Problem to solve: Would you print the records below from the first line through the line containing "7月13日、国交省東北地方整", skipping the pictures?

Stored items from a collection
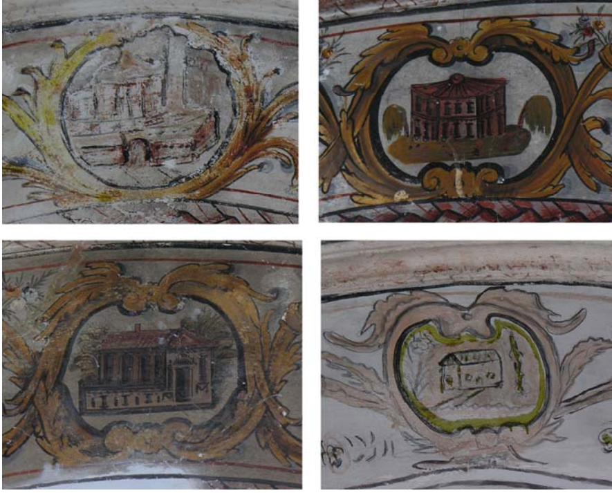
Resim 13. Eski Mordoğan Köyü Camii. Kemer yüzeylerindeki mimari tasvirler.

Mimari tasvirlerden batıda yer alan yüzeyel bir anlatıma sahiptir ve çocuksu çizgileriyle diğerlerinden ayrılır (Res. 13). Bu durum şu iki soruyu akla getirmektedir. Acaba bu tasvir ilk yapılışında böyle mi tasarlandı, yoksa sonradan mı bu şekli aldı? Tekniğinin sadeliği ve basit çizgilerle yapılmış olması, onarımlardan birinde bu şekli almış olabileceğini düşünmemize imkân vermektedir. Zira diğer mimari tasvirler, sağlam resim bilgisine sahip bir elin eseri olduklarını ve sanatçının anlatımlarında basit çizgileri kullanmadığını açıkça ortaya koymaktadır. Burada, daha önceleri yer alan ve hayli bozulmuş olan tasvirin tam algılanamaması böyle bir uygulamaya gidilmesine sebebiyet vermiş olmalı. Bu aynı zamanda, ülkemizdeki restorasyon hatalarının da güncel bir örneğidir. Ne yazık ki, yapıların mimari ve süsleme unsurlarına yönelik müdahalelerde hasar görmüş bölümlerin tamamen yenilenmesi ya da bu örnekte olduğu gibi tamamlanması yoluna gidilerek abartılı ve gereksiz restorasyonlar gerçekleştirilmekte, sonucunda da geri dönüşü mümkün olmayan durumlar ortaya çıkmaktadır.
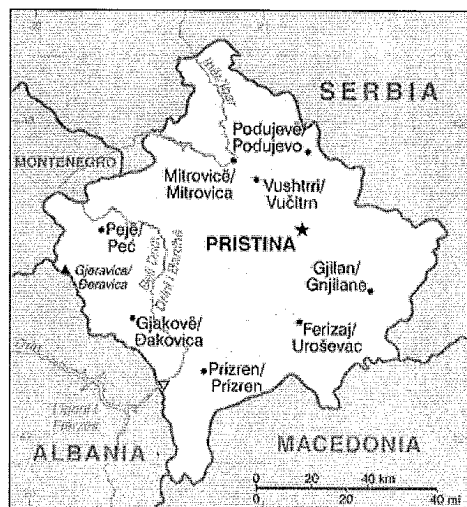
Anexo 3: Mapa de la República de Kosovo
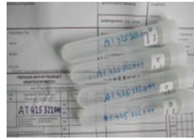
Beschriftung der Röhrrchen
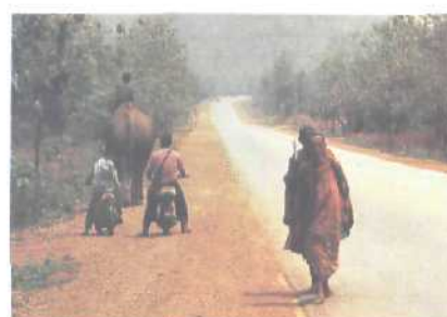
Elefant am Straßenrand: Dickhäuter, einst geschätzte Arbeitskräfte, weichen dem Fortschritt Seite 84
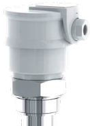
Boîte à bornes BC 62 (en PP) et BC 62/L (en PVDF); protection IP 64
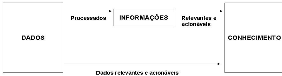
Figura 1: Dados, informações e conhecimento

A Figura 1 mostra a relação existente entre dado, informação e conhecimento.
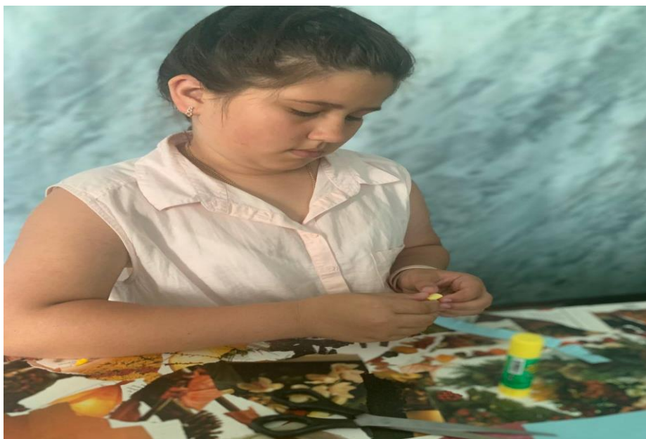
Рис. 15. На фото: Учасниця «SUMMER CAMP» в просторі «Арт-хаб» в м. Каховка на майстер-класі з хенд-мейду
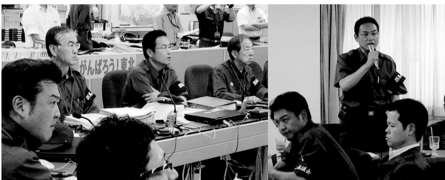
7月13日、国交省東北地方整備局で津波到達時の生々しい未公開ビデオを見る(宮城県仙台市)
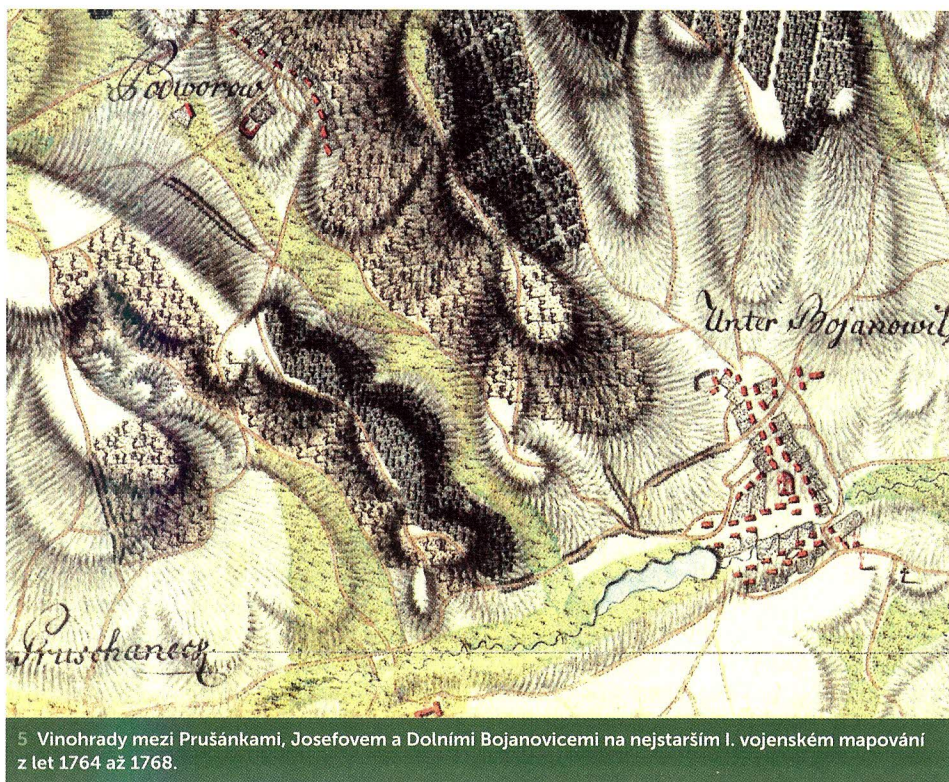
5 Vinohrady mezi Prusankami, Josefovem a Dolními Bojanovicemi na nejstarším I. vojenském mapování z let 1764 až 1768.

Answer space:
Resim 13. Eski Mordoğan Köyü Camii. Kemer yüzeylerindeki mimari tasvirler.

Mimari tasvirlerden batıda yer alan yüzeyel bir anlatıma sahiptir ve çocuksu çizgileriyle diğerlerinden ayrılır (Res. 13). Bu durum şu iki soruyu akla getirmektedir. Acaba bu tasvir ilk yapılışında böyle mi tasarlandı, yoksa sonradan mı bu şekli aldı? Tekniğinin sadeliği ve basit çizgilerle yapılmış olması, onarımlardan birinde bu şekli almış olabileceğini düşünmemize imkân vermektedir. Zira diğer mimari tasvirler, sağlam resim bilgisine sahip bir elin eseri olduklarını ve sanatçının anlatımlarında basit çizgileri kullanmadığını açıkça ortaya koymaktadır. Burada, daha önceleri yer alan ve hayli bozulmuş olan tasvirin tam algılanamaması böyle bir uygulamaya gidilmesine sebebiyet vermiş olmalı. Bu aynı zamanda, ülkemizdeki restorasyon hatalarının da güncel bir örneğidir. Ne yazık ki, yapıların mimari ve süsleme unsurlarına yönelik müdahalelerde hasar görmüş bölümlerin tamamen yenilenmesi ya da bu örnekte olduğu gibi tamamlanması yoluna gidilerek abartılı ve gereksiz restorasyonlar gerçekleştirilmekte, sonucunda da geri dönüşü mümkün olmayan durumlar ortaya çıkmaktadır.
Anexo 3: Mapa de la República de Kosovo
Beschriftung der Röhrrchen
Elefant am Straßenrand: Dickhäuter, einst geschätzte Arbeitskräfte, weichen dem Fortschritt Seite 84
Boîte à bornes BC 62 (en PP) et BC 62/L (en PVDF); protection IP 64
Figura 1: Dados, informações e conhecimento

A Figura 1 mostra a relação existente entre dado, informação e conhecimento.
Рис. 15. На фото: Учасниця «SUMMER CAMP» в просторі «Арт-хаб» в м. Каховка на майстер-класі з хенд-мейду
7月13日、国交省東北地方整備局で津波到達時の生々しい未公開ビデオを見る(宮城県仙台市)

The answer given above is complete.